* [Required action]
Restate all the data word for word and omit the pictures.

* [Available data]
----
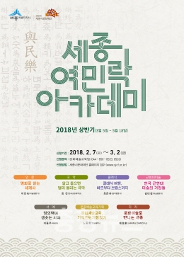 세종시문화재단(대표이사 인병택)은 지난 7일부터 세종여민락아카데미 2018년 상반기 정기강좌 수강생을 모집한다.
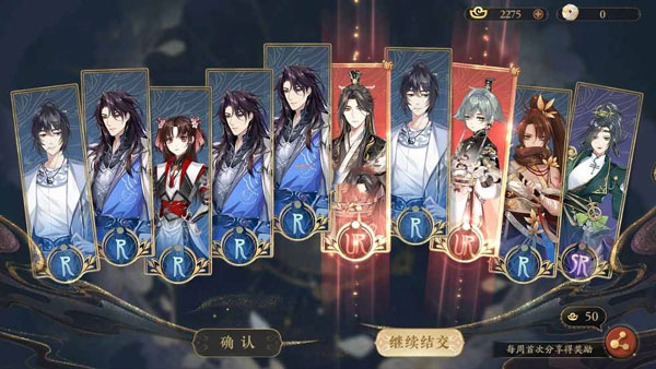 給新手小伙伴的抽卡福利里有新手十連,前十次抽卡一定會得到SSR左丘肅,前二十次抽卡必然能獲得UR角色,這些新手福利在抽完對應次數之后就不再有了。
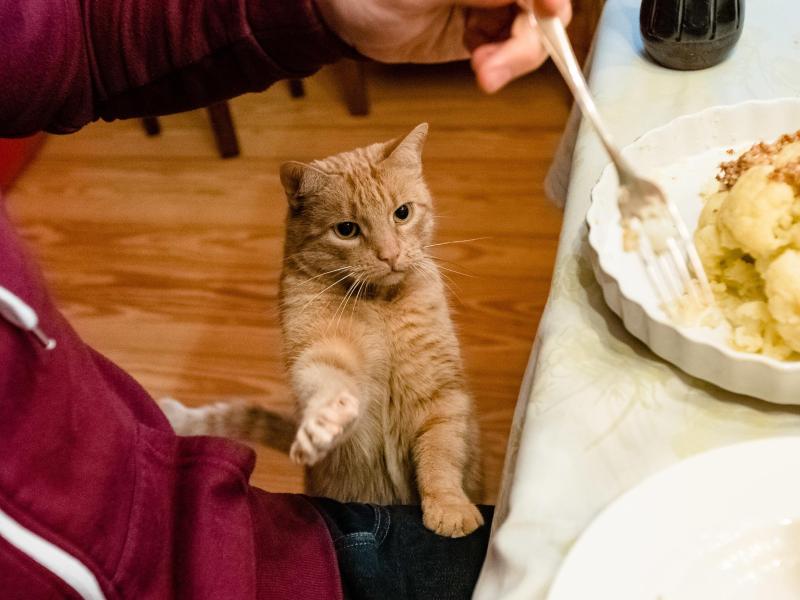 katze bettelt um essen am tisch wie abgewohnen
----
* [Response]
 세종시문화재단(대표이사 인병택)은 지난 7일부터 세종여민락아카데미 2018년 상반기 정기강좌 수강생을 모집한다.
 給新手小伙伴的抽卡福利里有新手十連,前十次抽卡一定會得到SSR左丘肅,前二十次抽卡必然能獲得UR角色,這些新手福利在抽完對應次數之后就不再有了。
 katze bettelt um essen am tisch wie abgewohnen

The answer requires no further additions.